Земля и за воротами вспухла холмами. Щетина тычков, покрывающая их, служит опорой винограду. Лапчатые его листья крепкие, сочные, будто не просят дождя. Трава редкая, сухая – век ее тут короток. В каменистых ложбинках рыщут оборванцы, начали охоту на гадюк. Завидев их, Борис каждый раз думает, что надо купить териаку – славнейшее лекарство, содержащее змеиный яд и помогающее от всех болезней.
Здесь он покамест не хворает, скорбутика отпустила. Но пригодится на будущее…
Филька гонит вовсю, по-русски, и Борису дышится привольно. Мнится – то дыхание древних, жителей златого века вливает здоровье.
Манит к себе вилла Адриана – гордого императора, склонившегося, однако, перед красотой. Могучие греки, стерегущие виллу, обрели бессмертие, перевоплотившись в камень. Неподвижные, они отражали свирепость бурь и колебания почвы. Варвары, опустошавшие Рим, и те остановились бессильно…
Красота совершенная непобедима, размышлял Борис. Люди могут надолго, на столетия забыть ее, похоронить. Однако не навсегда…
Далее, на той же дороге Тибуртина, – сады, водопады и фонтаны Тиволи, посреди которых на бугре высится дворец, построенный полстолетия назад, дворец, которому, наверно, суждено восхищать потомков.
Однажды к Борису, гулявшему в саду, подошел молодой, сухощавый кавалер и представился:
– Бассани, художник кардинала Оттобони.
Одежда его отличалась от обычной пучком соломы, пришитым к шляпе вместо пера. Художник нижайше просил высокочтимого синьора оказать милость.
Борис следил глазами за шляпой, снятой с головы и ронявшей стебельки из странного букета.
– Я еще слуга графини ди Палья. Это знак нашего общества.
Юноша хочет нарисовать кучера. Да, кучера, если синьор позволит великодушно. Борис не сразу сообразил, что речь идет о Фильке. Художник увидел в нем гладиатора с арены Колизея.
– Через час я вам верну его…
– Берите, – кивнул Борис. – Он не говорит по-итальянски. Мы русские.
– О, скифский великан! – просиял Бассани.
Вернул он Фильку, рассыпаясь в извинениях. Задержал скифа, любопытно было с ним. Язык не потребовался. Живая натура так пристально следила за работой художника, что он, окончив эскиз, протянул уголек – на, мол, попробуй сам.

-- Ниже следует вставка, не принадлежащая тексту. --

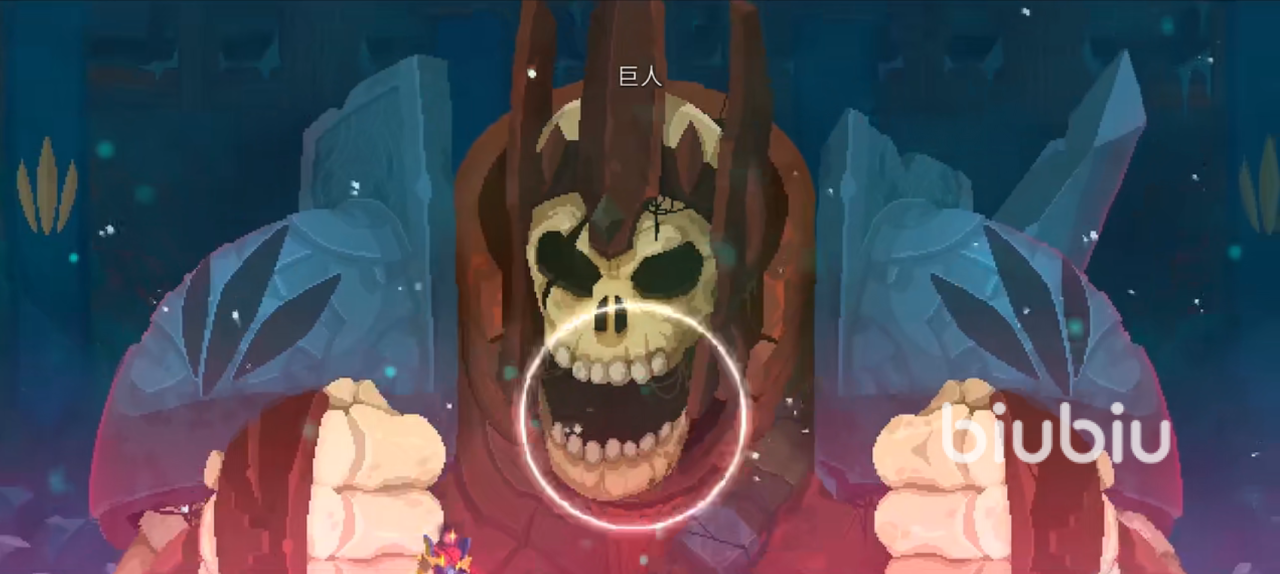 开启大门后我们一直往右边前进就可以到达最终的地点,期间如果遇到怪物打不过可以通过多走一段其他方向的位置,来加强下自己。总的来说,山洞地图在打开大门之后的线路还是挺简单的,一路向直冲最后遇到巨人的时候,直接利用跳跃躲避攻击并疯狂击打巨人的眼睛就可以轻松通关了。祝大家游戏愉快!

– Он рисовал меня, синьор. Мне кажется, у него есть способности. Беда в том, что он застенчив, как ребенок. В искусстве отвага нужнее, чем в сражении.
Речистый, учтивый кавалер понравился Борису. Он сказал вдруг неожиданно для себя:
– Поучите его, если он стоит этого!
Бассани поклонился, выразив готовность. Борис обернулся к Фильке, который топтался виновато, словно ждал наказания от князя-боярина.
– Синьор художник будет тебя учить, понял ты, чурбан? Скажи спасибо!
Чурбан и есть… Испугался почему-то, давится, бормоча благодарность. Кавалера насмешил, а князя-боярина привел в раздражение.
– Позоришь ты меня. На кой ляд возиться с тобой!
– Зря, – соглашался Филька. – Все одно не сделать мне…
– Чего?
– Статуев таких… не людское это.
– Что ты мелешь?
– Женка давеча, ох, женка… Захлебнулась, воду пущает… Жену Лота, писано, бог в камень превратил. Вот и она… Князь-боярин! – тут Филька, сидевший понуро, опустив вожжи, встрепенулся. – Папа взаправду святой?
– С чего ты взял?
– Не святой, так что? Тогда дьявол он, коли так… Тьфу! И смотреть грех тогда… Голые, ничего не прикрыто… Рогатые мастерили, для смущенья. Только смущают больно хорошо, князь-боярин.
– Ты и есть скиф. Дикий скиф, варвар… Не людское? – горькая усмешка от толчка на ухабе перешла в икоту. – Сдохнешь с тобой…
– Люди нешто?
– Папа камни тешет, поди-ка! Люди, образина, люди! У нас не учат художеству, а то бы и мы не хуже… Иконы одни можем… Каково нам перед итальянцами?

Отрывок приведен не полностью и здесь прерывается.